7. Future Directions

Future studies should validate these findings in larger, prospective, multicenter cohorts, with clear separation of screening and surveillance populations. Incorporating detailed H. pylori history, lifestyle factors, and medication use will improve risk stratification. The utility of advanced endoscopic and AI-assisted techniques in real-world settings, along with cost-effectiveness analyses of surveillance strategies in intermediate-risk populations, also warrants further investigation. Finally, sex-specific and age-specific risk profiles should be explored to refine tailored screening and surveillance algorithms.

8. Conclusions

A single high-quality gastroscopy demonstrates strong clinical utility in excluding advanced GPCs. However, due to its limited diagnostic sensitivity in a real-life clinical setting, risk stratification through systematic gastric mapping biopsies remains essential.

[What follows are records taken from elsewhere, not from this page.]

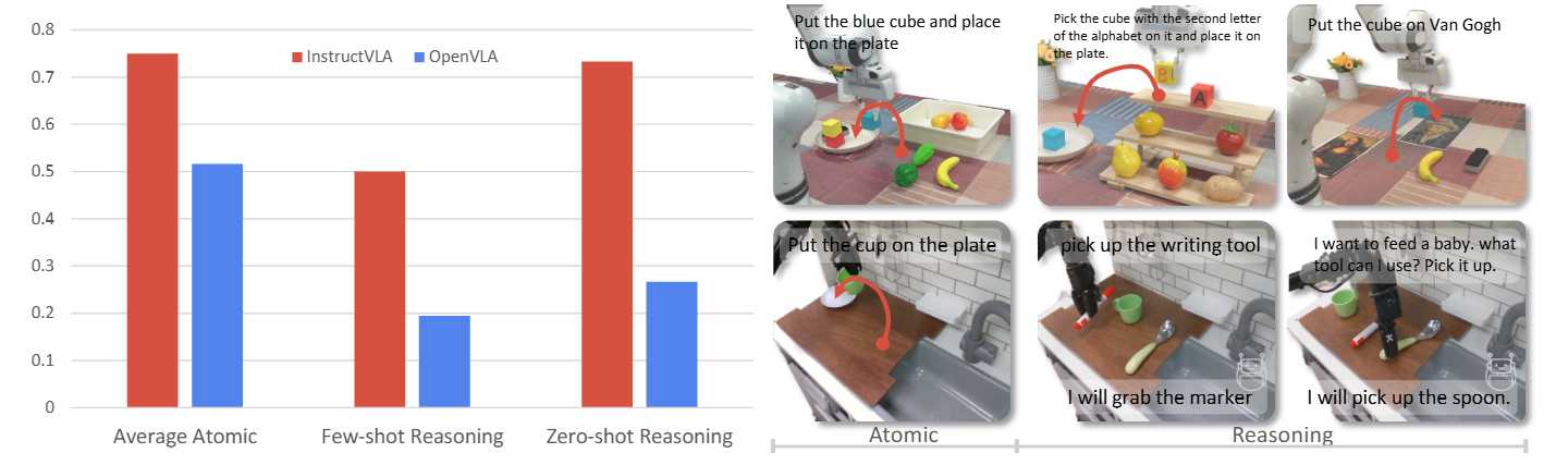 ● 提出 InstructVLA 架构与训练流程,强调语言能力在 VLA 系统中的核心地位,在保留预训练视觉语言能力的同时,将机器人操作纳入指令跟随体系;
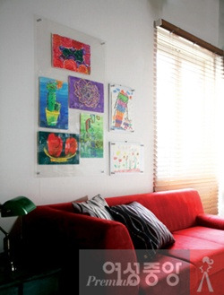 집 안의 메인 공간인 거실에 아이의 그림이 걸리면 아이도 스스로 뿌듯해한다. 번듯하게 액자에 넣어 소파 뒤 벽에 걸어 두면 피카소 작품이 부럽지 않을 듯. 대형 아크릴 액자는 저렴한 가격에 맞출 수 있고 여러 장의 그림을 한꺼번에 걸 수 있으며 그림을 바꿔 걸기도 쉬워서 안성맞춤이다. 을지로나 동네 아크릴 가게에서 동일한 사이즈의 아크릴을 2장 주문한다. 네 귀퉁이에 아크릴 보드 다보를 끼우기만 하면 되는데, 아크릴을 주문할 때 다보 끼울 구멍을 내달라고 하면 된다. 아크릴 뒤판에 그림을 여러 장 붙인 후 다시 아크릴 앞판을 붙이고 다보 나사를 돌려 끼우기만 하면 되니 그림을 갈아 넣기가 간편하다. 큰 액자 옆의 작은 아크릴 액자는 인테리어 매장에서 쉽게 구입할 수 있는 기성 제품.
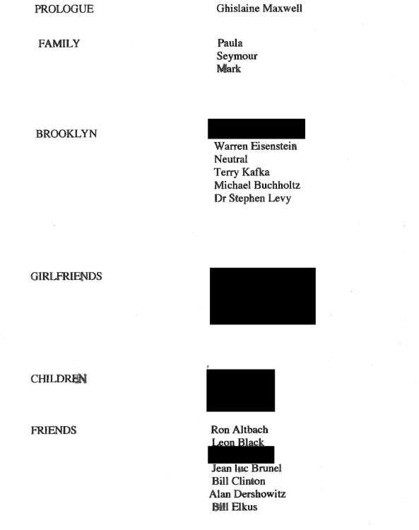 除了貌似有特朗普签名的庆生信,众议院监督委员会还放出了爱泼斯坦50岁生日的纪念册扫描件。纪念册首页的“朋友”一栏中有美国民主党前总统克林顿的名字,以及特朗普的前律师德肖维茨、英国驻美国大使曼德尔森、维多利亚的秘密母公司的首席执行官卫克斯奈。
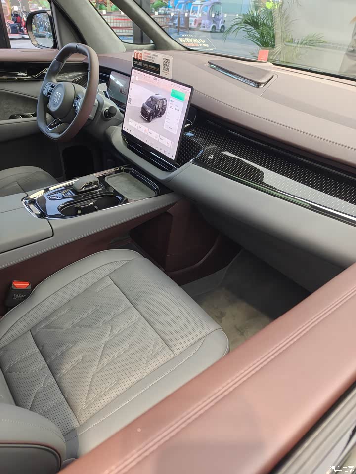 极氪009的内饰把“科技感”和“轻奢感”玩明白了。首先是用料,触手可及的地方全是Nappa真皮、麂皮绒和金属饰板,没有一点廉价的塑料感,连车门扶手的缝线都是手工打造的,摸上去的质感比我家沙发还舒服。 中控那块15.05英寸的悬浮大屏,分辨率和流畅度直接对标平板,操作起来丝滑不卡顿,再也不用忍受传统MPV那种“老年机”式的车机。
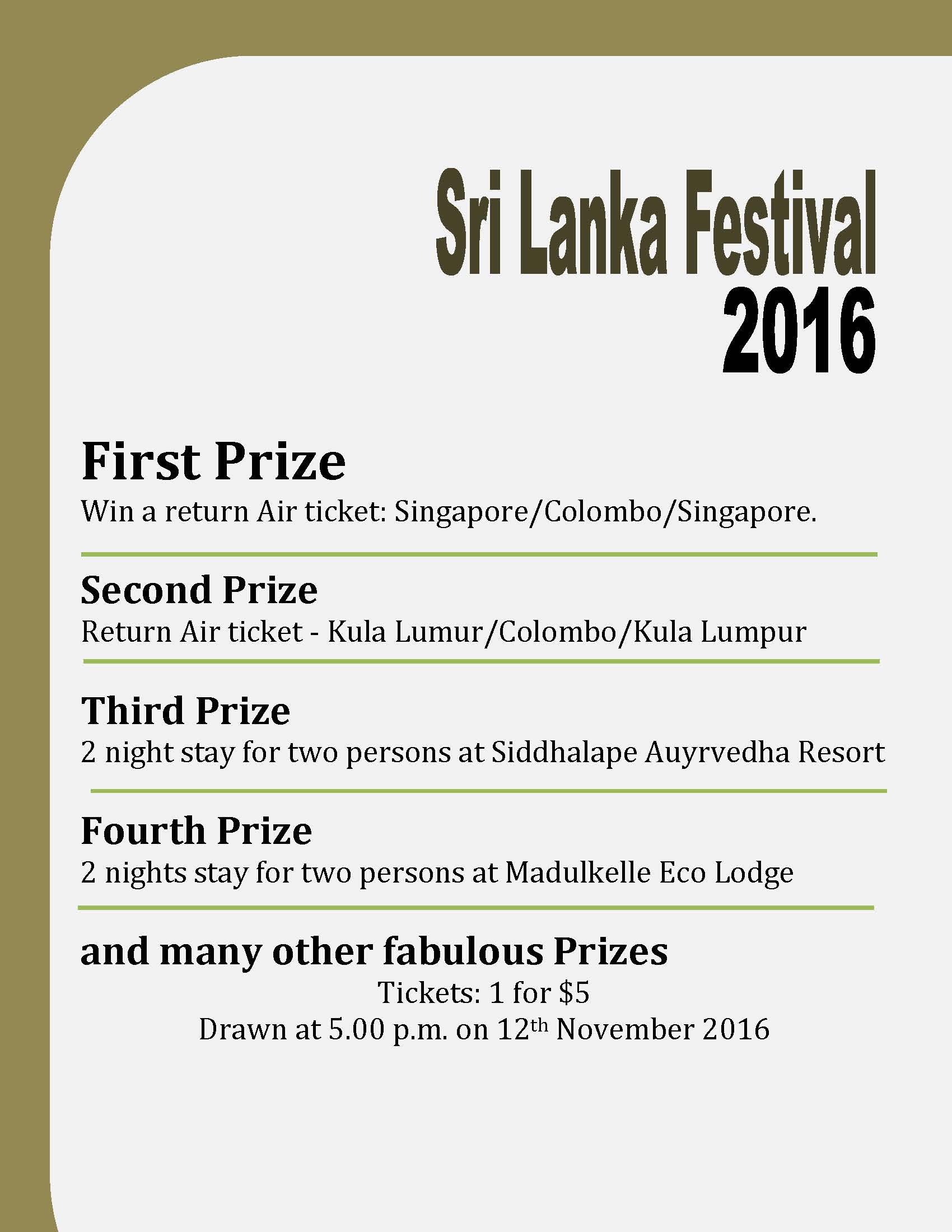 Festival highlights: – Activities for children, tourism information, astrology and a raffle draw with a chance to win a return ticket to Colombo from Singapore or Kuala Lumpur, and a two night stay for two persons at a luxurious resort in Sri Lanka.

Patients with a family history of gastric cancer more often presented with lower OLGA/OLGIM stages and had a lower risk of advanced lesions, which may reflect the effectiveness of the H. pylori “test and treat” strategy.

Male sex was associated with an increased risk of extensive gastric IM, highlighting the influence of sex-related and possibly environmental risk factors.

These findings underscore the importance of individualized gastric cancer risk assessment, including demographic and environmental factors, to determine screening and surveillance strategies.